London: John Chapman, 1859.

Le Pape et le Congrès. Paris, 1859.

Ir is the singular privilege of the present generation to witness the union in one person of the royal and prophetic offices. What philosophers and theologians might have pictured to themselves in their dreams, but could scarcely in their most enthusiastic moods have hoped to see practically realised, has become an actual and indisputable fact; and strange to say, it is in the centre of fashion, and not in the spiritual metropolis of the Christian world, that this phenomenon has manifested itself. Until the assumption of the reins of government by the Emperor Napoleon III., there was in the diplomacy of European nations something hard, cold, and pedantically formal, which seemed to be the exaggerated essence of secular and material domination. Great questions, under the intricate but systematic manipulation of well-trained diplomatists, were carefully and even anxiously emptied of any thing approaching to a declaration of vital principles at issue, and with a skill worthy of the most practised special-pleader were made to turn on secondary and unexciting points of detail, which might contain the kernel of the matter, but so disguised its existence from vulgar eyes, that no hereditary sensibilities were shocked by bold unconventionalities, and no popular attention was directed to a department of knowledge as sacred as the inner mysteries of the ancient priesthood.
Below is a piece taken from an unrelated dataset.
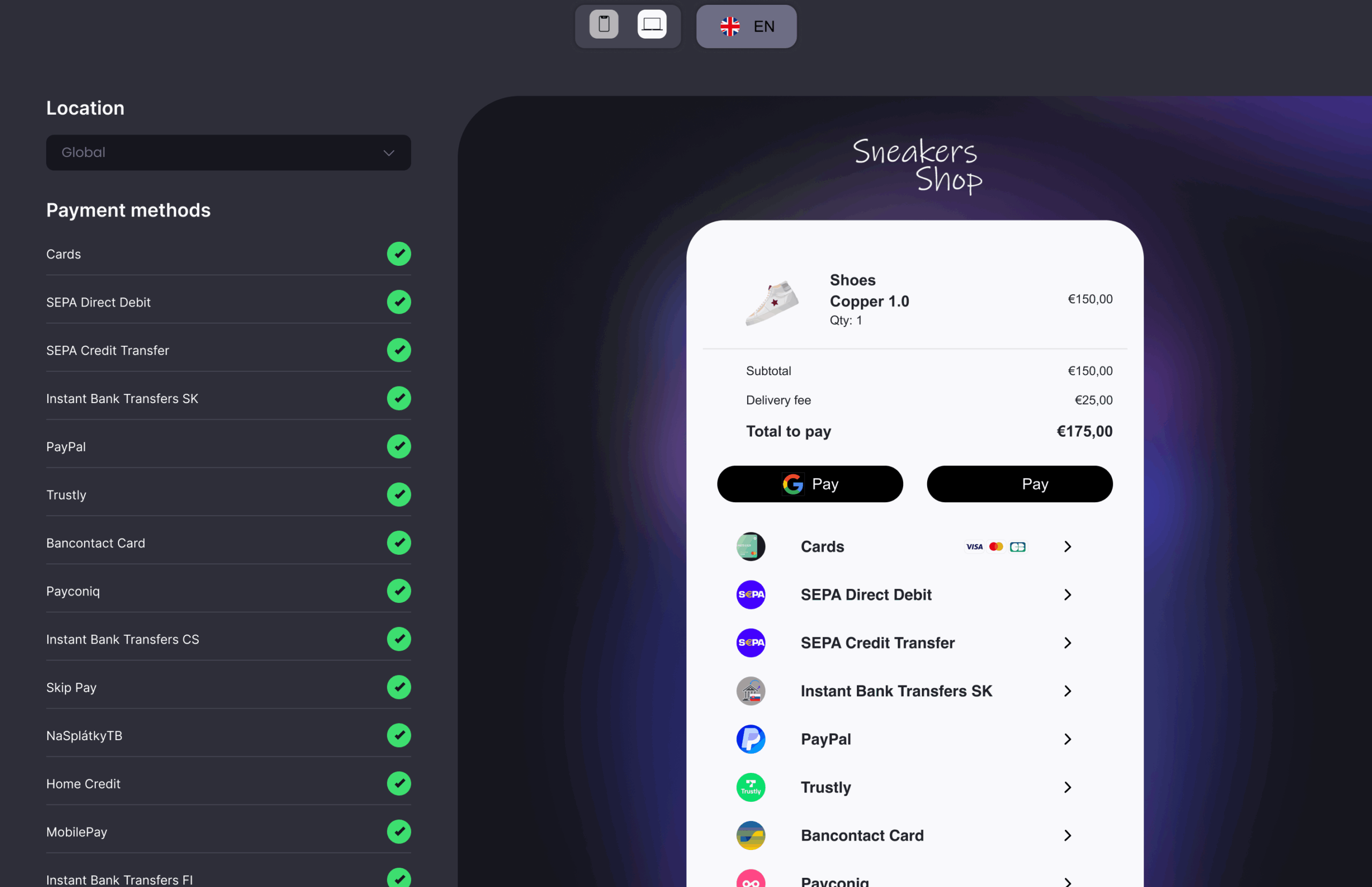 Prijímajte platby od miliardy držiteľov VISA a MasterCard, cez obľúbenú francúzsku kartovú schému Cartes Bancaires, alebo pohodlne s Apple Pay a Google Pay.
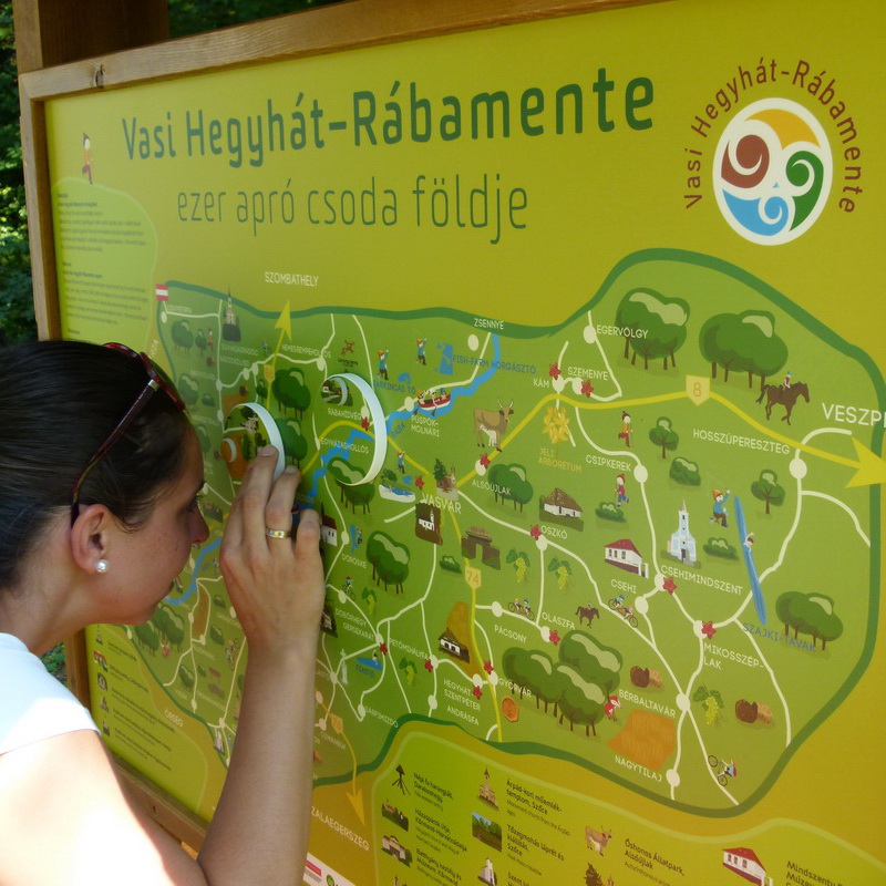 I pannelli presentano i monumenti e la cultura dei paesi, sono forniti di vari elementi interattivi, tra cui c’é anche uno degli elementi piú nuovi della Patkós Stúdió: i visitartori possono dare un’ occhiata all’ interno di una cassetta, dove si vedono altri monumenti e curiositá. Le cassette sono illuminate con lampadine led ad energia solare.

Compromise could scarcely be said to be a constant accompaniment to that of which it was a corporate part, and to the ordered vagueness of which its nature so completely assimilated. Real sentiment was as little to be found as in a lawyer's brief; and sentimental motives, when put forward, were as much matter of mere decent form as the considerations of love and duty introduced into legal documents. Now, however, there is a great change. Diplomacy has become suddenly subordinated to sentiment; the de-facto to the de-jure; the conventional to the "natural;" the practical to the theoretical; the actual to the traditional; in short, the present to the future and the past. If nations are summoned from their inglorious repose, it is by ancestral memories and bright prophetic visions.